Briefly, the glycoproteins in the plasma samples were denatured and the attached glycans released by PNGase F. A further hydrazide-mediated clean-up step was carried out subsequent to 2AB labelling as described elsewhere⁵⁰. Finally, glycans were immobilized on solid supports and contaminants removed. Alternatively, for the FINRISK replication cohort serum glycans were 2AB labelled immediately after protein deglycosylation and cleaned-up using hydrophilic GHP filter with cold 96% acetonitrile before the UPLC analysis, as previously described⁵¹. Separation of 2-AB-derivatized N-glycans was carried out by UPLC with fluorescence detection on a Waters Acquity UPLC H-Class instrument consisting of a binary or quaternary solvent manager, sample manager, and fluorescence detector under the control of Empower 3 chromatography workstation software (Waters, Milford, MA, USA). A fifth-order polynomial distribution curve was fitted to the dextran ladder to assign glucose unit (GU) values from retention times (using Empower software) as described previously²⁵. The GU values obtained for each glycan are reproducible and predictive, and therefore initial structural assignments were possible using recorded GU values in GlycoBase⁴⁹. A detailed protocol is given in the supplementary material including reagents used with their concentrations and incubation times. In addition, the slightly different UPLC conditions for the FINRISK sample set are summarized in the supplementary material.
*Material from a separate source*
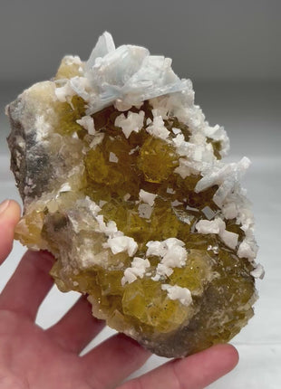 Yellow Fluorite with Blue Barite and White Dolomite Origin: Moscona mine, Asturias, Spain Size : 142 x 91 x 83... Read more
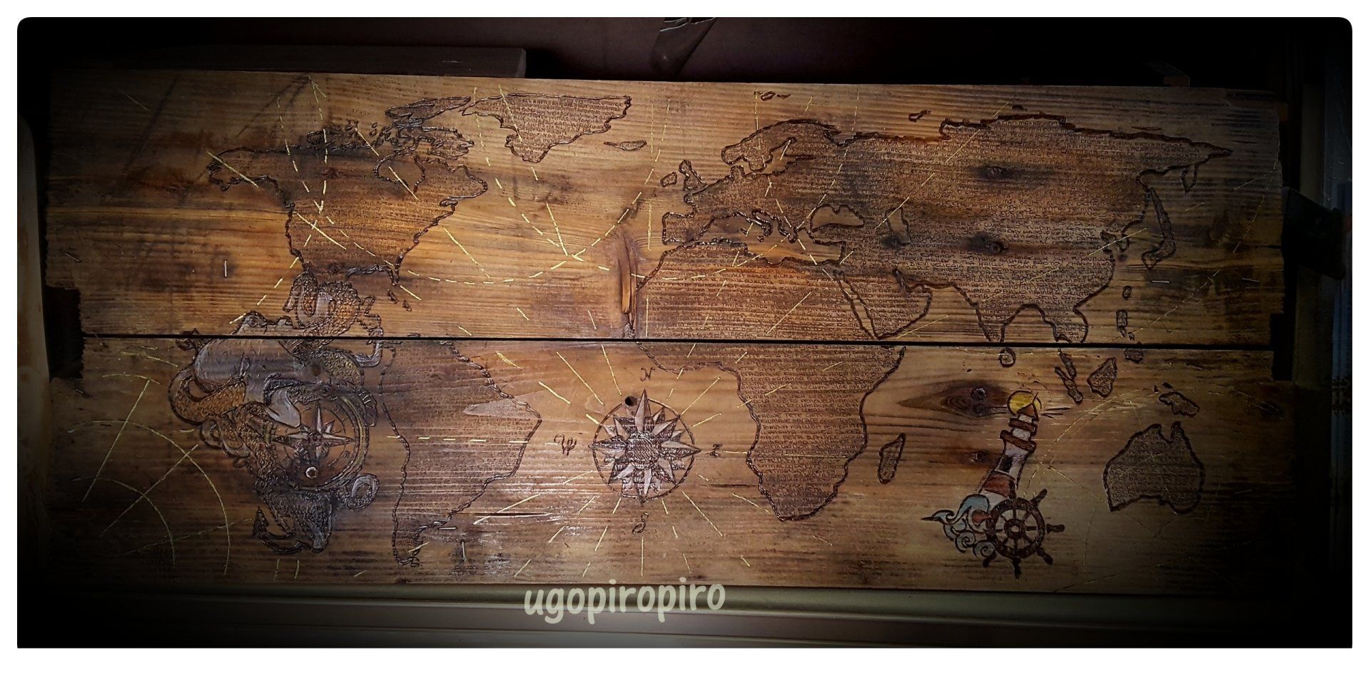 Pirografia su vecchia chiusa per irrigazione con pastelli, cm 80x60

Nomenclature for glycan molecules

The nomenclatures used to describe the structures are Oxford nomenclature, with shorthand descriptors as previously described²⁶. The N-linked glycan core structure is composed of a trimannosylchitobiose core and thus is generally abbreviated M3. Antennae on N-glycans are abbreviated A1, A2, A3 or A4 composed of an M3 core with one, two, three and four arm GlcNAc extensions. Further extensions include galactose additions to each antennae (e.g. bi antennae and galactose - A2G2); addition of sialic acids to galactose (e.g. A2G2S2). If fucose is linked to the reducing end GlcNAc of the chitobiose core, generally an F is used prior to the shorthand descriptor to indicate the presence of the core fucose (e.g. FM3, indicating a core fucose attached to the GlcNAc of the chitobiose core of the core N-linked structure). Another substitution that can occur is the addition of a GlcNAc to the middle mannose of the chitobiose core, resulting in a bisecting GlcNAc. A structure with this modification is referred to as a bisected glycan, for example a bisected A2G2 can be represented by A2BG2. A comprehensive list of examples is provided in Fig. 1.

Computational procedures

Statistical analysis

Clinical characteristics among patients and controls were compared using a Tukey honest significant difference (HSD) test with ANOVA for all continuous variables. Peak areas are compositional data (presented as a % of the total area under the graph) and therefore the constant-sum constraint (CSC) occurs. The CSC means individual variables do not vary independently, violating common assumptions upon which standard statistical analyses are performed. This was avoided by performing a log transform, log(Peak_i)/(100-Peak_i), on all peak areas⁵². To calculate the P-values we controlled for covariates by creating a linear regression model with available covariates: age, family history and gender for the SOCCS set and age for the FINRISK set. For categorical variables Fisher exact tests were performed. Correction for multiple testing was performed using a simple Bonferroni correction with ANCOVA and Fisher test results considered statistically significant when P-values were < 0.05/(number of tests).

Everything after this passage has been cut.